- WHAT YOU HAVE TO DO
The listing, minus its pictures, is to be given again exactly.

- AVAILABLE DATA
>>>

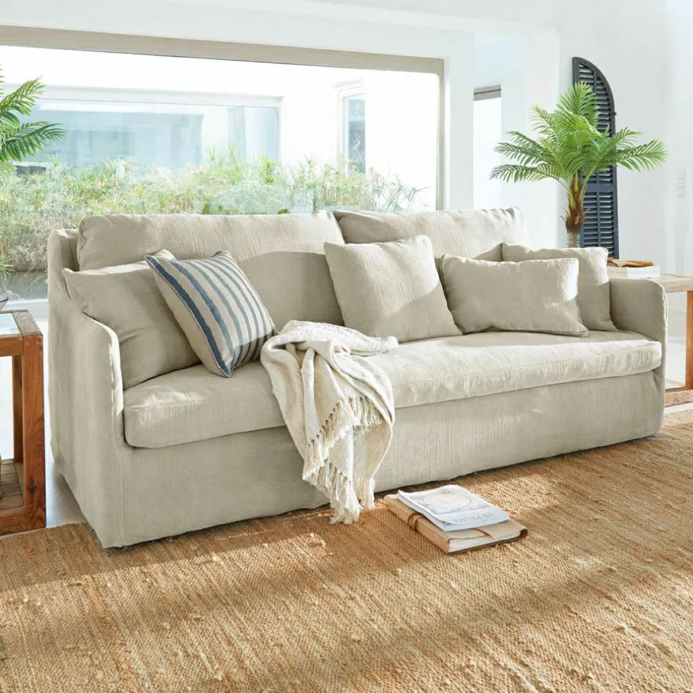 Ein Sofa, das durch Komfort und natürliche Eleganz überzeugt. Die großzügige Sitzfläche bietet weiche Polsterung, die für pure Entspannung sorgt – ideal für gesellige Stunden oder entspannte Momente für sich allein. Die Bezüge aus strukturiertem Stoff verleihen dem Möbelstück einen dezenten Charakter und lassen sich mühelos abnehmen, um eine einfache Pflege zu gewährleisten. Eine klare Formgebung harmoniert perfekt mit dem stilsicheren Farbton, was es zu einem vielseitigen Begleiter in verschiedenen Wohnbereichen macht. Dieses Sofa verbindet Ästhetik und Funktionalität auf beeindruckende Weise und wird schnell zum Herzstück Ihres Zuhauses.
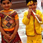 On the other hand little Krishnas were looking equally cute and smart as they were mostly in a pitambari dhoti and kurta with a flute in one hand and a crown or a head band with morpankh adorning it. It was a delight for the the eyes to see these sweet Radhas and Krishnas.
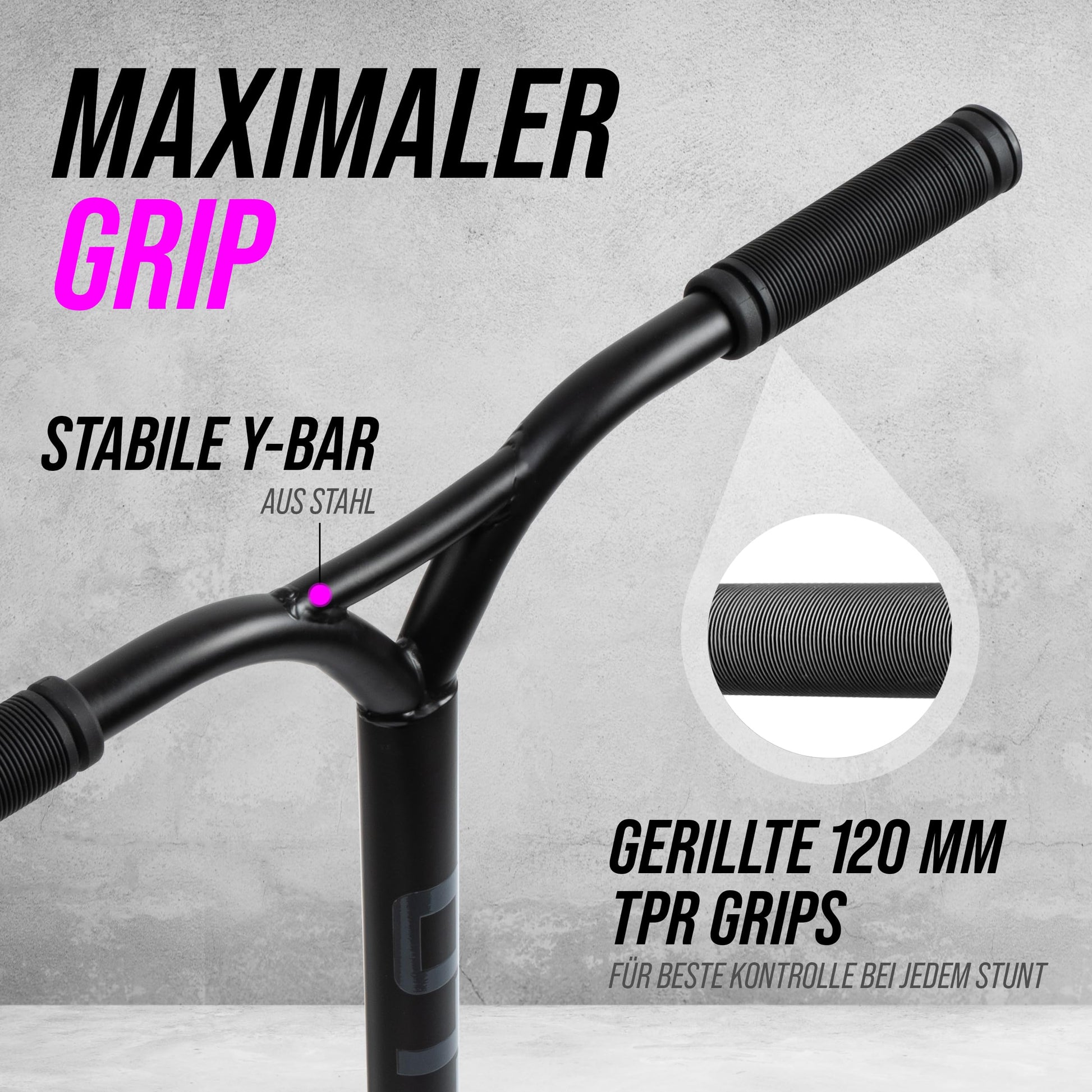 - Um 360° drehbarer Y-Lenker für volle Trick-Kontrolle

<<<

- TASK RESULT
 Ein Sofa, das durch Komfort und natürliche Eleganz überzeugt. Die großzügige Sitzfläche bietet weiche Polsterung, die für pure Entspannung sorgt – ideal für gesellige Stunden oder entspannte Momente für sich allein. Die Bezüge aus strukturiertem Stoff verleihen dem Möbelstück einen dezenten Charakter und lassen sich mühelos abnehmen, um eine einfache Pflege zu gewährleisten. Eine klare Formgebung harmoniert perfekt mit dem stilsicheren Farbton, was es zu einem vielseitigen Begleiter in verschiedenen Wohnbereichen macht. Dieses Sofa verbindet Ästhetik und Funktionalität auf beeindruckende Weise und wird schnell zum Herzstück Ihres Zuhauses.
 On the other hand little Krishnas were looking equally cute and smart as they were mostly in a pitambari dhoti and kurta with a flute in one hand and a crown or a head band with morpankh adorning it. It was a delight for the the eyes to see these sweet Radhas and Krishnas.
 - Um 360° drehbarer Y-Lenker für volle Trick-Kontrolle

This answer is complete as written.